Tag: INC

  • Boring = Good? Inspirational = Bad?

    LeadershipINCSutton20012

    That is the title of weird interview that just came out in INC this month, which I did with Leigh Buchanan.  And the above drawing is by Graham Roumieu. 

    Here is the story on the INC website. The title is different online than in the print version, they call it "Thoroughly Counterintuitive Approach to Leading."  

    Leigh is always fun to talk to, and after having done interviews on both The No Asshole Rule and Good Boss, Bad Boss, she has emerged as one of my favorite journalists.  For starters, she has such a sense of fun — most of us involved in doing and working with management are entirely too serious — I certainly plead guilty.  Leigh has the rare ability to talk about real ideas while at the same time conveying the absurdity of so much of organizational life .  She is also a great editor. In every interview I have done with her, I've rambled incoherently on for an hour or so, and she somehow put it in a form that made sense.

    This new interview a conglomeration of some of the stranger ideas from the various books I have written, especially Weird Ideas That Work along with some new twists.  As with weird ideas , I offer these ideas to challenge your assumptions (and my own) and to prompt us all to think.  I don't expect you to agree with them (I am not even sure I agree with all of them), but there is actually a fair amount of evidence and theory to support each of these sometimes uncomfortable ideas.

    To give you a taste,here is how the interview kicks-off:

    Leigh: You and I have been e-mailing about leadership traits, and at one point you suggested, “Good leaders know when to be boring, vague, emotionally detached, and authoritarian.” Under what circumstances might such traits be desirable? Start with boring.

    Me: There are two situations in which it’s a good idea to be boring. One is when you’re working on something but, so far, all you’ve got is bad news. Under those circumstances, any outside attention is bad.

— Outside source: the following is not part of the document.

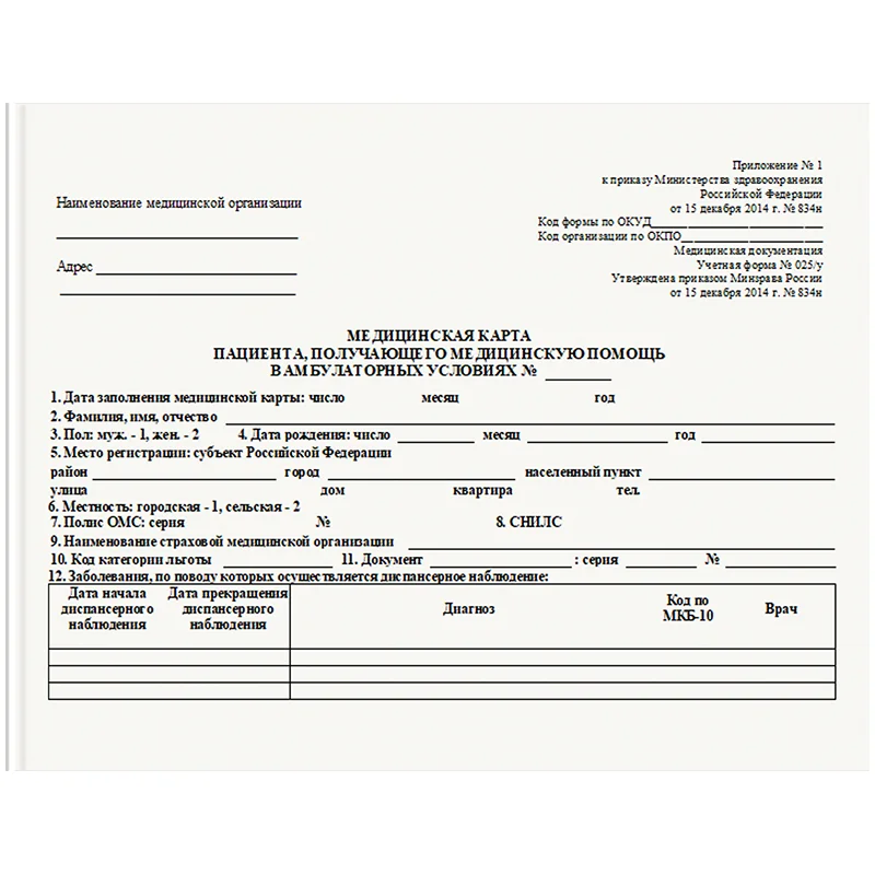 | Утвержденная форма | 025/у |

    Don Petersen was the CEO of Ford after the Iaccoca era, and he was responsible for turning the company around. He told me a story about being invited to speak at the National Press Club. He didn’t want to do it. At the time, Ford had no good cars at all. But he and his PR chief decided he would go and give a speech about the most boring subject they could think of. At the time, that was safety. He practiced speaking in the most boring way possible, using the passive voice and long sentences. He put up charts that were hard to read, and then turned his back to the audience to talk about the charts. After that, the press lost interest in him for a while, so he could concentrate on doing the work.

    The other situation is when you’re dealing with controversy. Stanford used to have this brilliant provost, James Rosse. When Jim talked about something like the school’s Nobel Prize winners, he would be animated and exciting and charismatic. But when he had to talk about something like the lack of diversity on campus, he would ramble on for 20 minutes while looking at his feet. I thought it was brilliant

    And so it goes.  I hope you enjoy and I think Leigh for being such a delight to work with and for reminding me not to take myself so seriously.

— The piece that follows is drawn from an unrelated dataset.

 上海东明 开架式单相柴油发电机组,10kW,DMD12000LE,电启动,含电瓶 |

  • Lessons from Nightmare Bosses and a Blurb for “High-Performance Teaming for Douche Bags”

    That is the title of an interview that Leigh Buchanan did with me on Good Boss, Bad Boss, which just appeared in the October INC. I have know Leigh for some years, since she was at Harvard Business Review. She is a great writer and editor.  Check out this piece she did about two entrepreneurs who spent five years building "eco adventure lodge" called Tranquilo Bay in the rain forest in Panama.   Leigh also did one of the best, and probably the funniest, interview about The No Asshole Rule, which was called "The Bully Rule Book." 

    The new interview similarly reflects Leigh's great skill at taking my disorganized babbling and making me sound coherent.  Here is a taste of the interview, two of the questions and answers:

    Is it harder for bosses whose reports range from the highest- to the lowest-level employees?

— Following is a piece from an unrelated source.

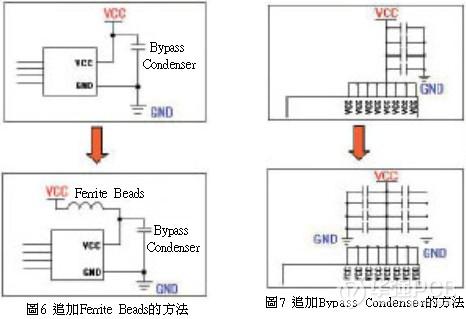 ?各IC電源輸入線的Bypass Condenser與電源之間,追加設置Ferrite Beads(圖6)。

    It is harder. Because the people you oversee will have different motivations. With all due respect, this is where Jim Collins is full of shit. I have a friend whose family bought a chain of movie theaters. Maybe all that get-the-right-people-on-the-bus stuff applies to the managers of those multiplexes. But a couple levels down, you're dealing with teenagers who are going to be in the job for a year or less. My friend said there are four things you want those people to do: show up to work, look decent, not make out or get stoned while they're on the job, and not steal. If you can find people like that, you have a successful business.

    Work may be the most important thing in your value system, but that may not be true for those around you. Especially if you have all the equity, and to the people around you, it is just a job.

    Also, Leigh ended the interview with a pretty funny twist… I guess I was saying the s-word a lot during this intervew:

    So can I count on you to write a blurb for my forthcoming book, High-Performance Teaming for Douche Bags?

    Sure. I can do it now. "This is good shit."

    You can read the rest here; it provides a pretty good summary of the main ideas in Good Boss, Bad Boss — not just the lessons from nightmare bosses:

    P.S. A couple of other media things have hit including this short interview in Newsweek, which apparently accompanies a gallery of CEOs Behaving Badly.  Also this nice review of Good Boss, Bad Boss just appeared in Risk Management.  These are also nice, but Leigh's interview is the most fun and goes into the most depth.